Autocompleter For Hue

Kevin Feasel

2016-09-06

Hadoop

The Hue team shows off their new SQL editor’s autocomplete capabilities:

We’ve fine-tuned the live autocompletion for a better experience and we’ve introduced some options under the editor settings where you can turn off live autocompletion or disable the autocompleter altogether (if you’re adventurous). To access these settings open the editor and focus on the code area, press CTRL + , (or on Mac CMD + ,) and the settings will appear.

The autocompleter talks to the backend to get data for tables and databases etc. by default it will timeout after 5 seconds but once it has been fetched it’s cached for the next time around. The timeout can be adjusted in the Hue server configuration.

I haven’t used Hue in a while, but that’s a nice feature.  Just don’t use ANSI-89 syntax like in that first example…

Deploying SSDT Scripts

Richie Lee has concerns with database deployments:

At any rate, the script is generated and maybe reviewed….. so then what? In SSDT there is no way to create and deploy script in one step; they are two distinct steps. And even if they were one step, this would still not resolve the issue that troubles me. So what is this issue?

The issue is that by creating a script, and then running the deploy, you cannot be sure that the database is in the exact same state that it was when the initial script was generated. If you don’t already know, SSDT runs a deploy entirely in memory, so as mentioned there is no script created. You have to explicitly create the script as part of the process. Or, if you have already created one, you have to re-create the script.

I’m on the fence here.  In simpler environments, I think Richie has a good point.  But in a complex environment, I wouldn’t even use auto-generated deployment scripts; when you’re changing hundreds of database objects (including adding and modifying columns, backfilling data, modifying indexes, etc.), that automated deployment script is almost guaranteed to fail.  And if it does fail, it could leave you in a state of irreparable harm.

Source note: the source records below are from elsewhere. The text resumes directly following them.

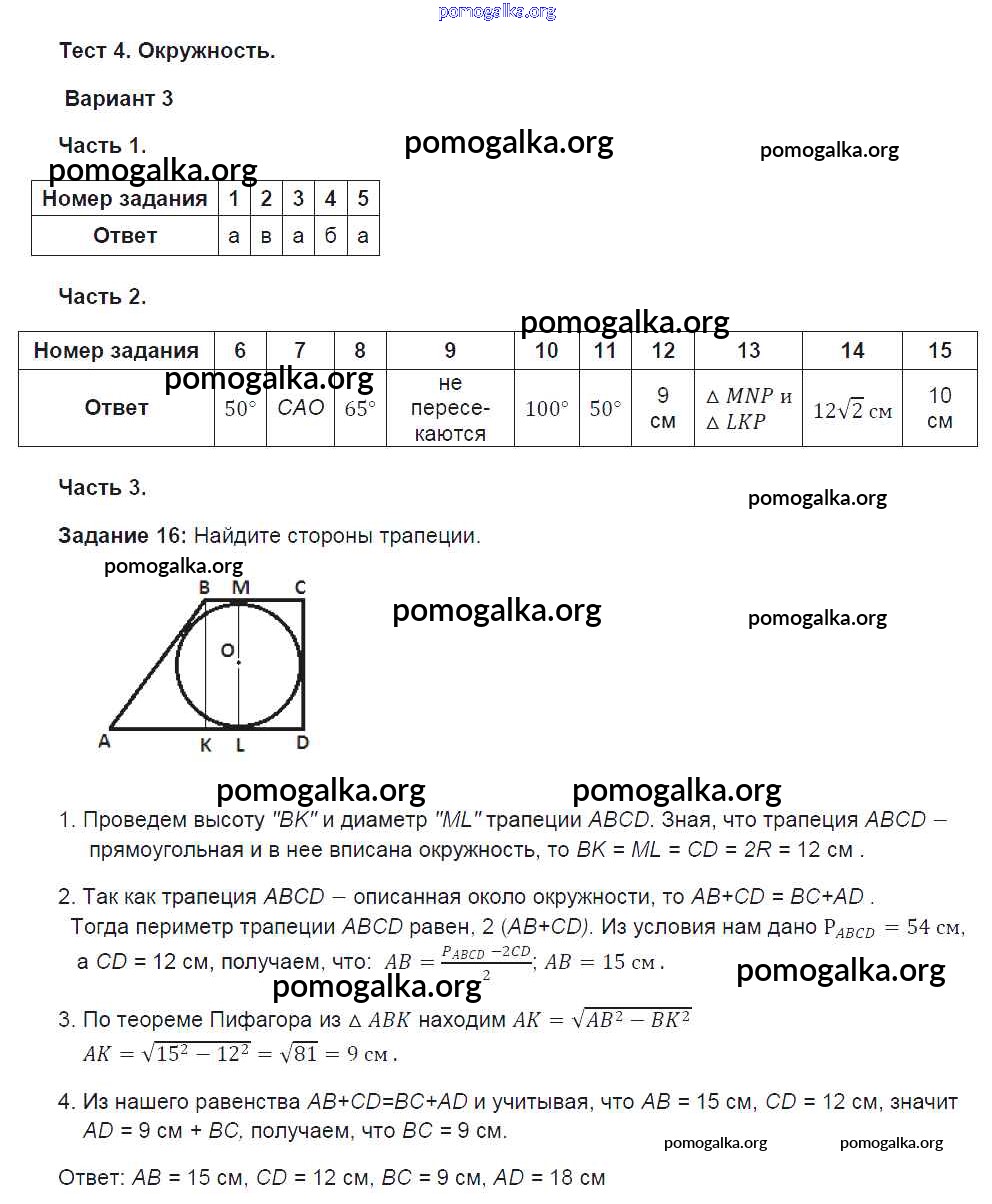 Готовые ответы - Геометрия 8 класс тесты Фарков А.В. (к уч. Атанасяна) - глава 4. окружность 3
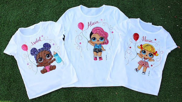 Pues hace poquito, mi prima Elena, que ya me había encargado algunas cosas para la Primera Comunión de su hija Alicia, me dijo que le gustaría que le hiciera unas camisetas con estas muñecas LOL para sus dos peques, Alicia e Isabel.
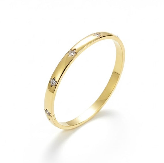 # Star Glow Band Celestial elegance meets everyday wear in this luminous band ring. Crafted with precision, the Star Glow Band features a radiant star motif that catches light beautifully, making it an ideal choice for those seeking understated luxury with cosmic inspiration. The sleek design transitions seamlessly from day to evening, while its thoughtful construction ensures lasting comfort. Perfect as a standalone statement or layered with complementary pieces from your collection, this band brings a touch of celestial sophistication to any jewelry ensemble.
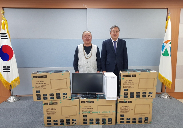 【경상포커스=배성호기자】칠곡군 동명면 기성리 법성사 자은스님은 지난 15일 동명면사무소에서 사랑의 컴퓨터 6대(800만원 상당)를 취약계층 학생들에게 전달했다.

Regular Expressions Against Large Data Sets

Liz Bennett explains types of regular expressions which do not scale:

With recursive backtracking based regex engines, it is possible to craft regular expressions that match in exponential time with respect to the length of the input, whereas the Thompson NFA algorithm will always match in linear time. As the name would imply, the slower performance of the recursive backtracking algorithm is caused by the backtracking involved in processing input. This backtracking has serious consequences when working with regexes at a high scale because an inefficient regex can take orders of magnitude longer to match than an efficient regex. The standard regex engines in most modern languages, such as Java, Python, Perl, PHP, and JavaScript, use this recursive backtracking algorithm, so almost any modern solution involving regexes will be vulnerable to poorly performing regexes. Fortunately, though, in almost all cases, an inefficient regex can be optimized to be an efficient regex, potentially resulting in enormous savings in terms of CPU cycles.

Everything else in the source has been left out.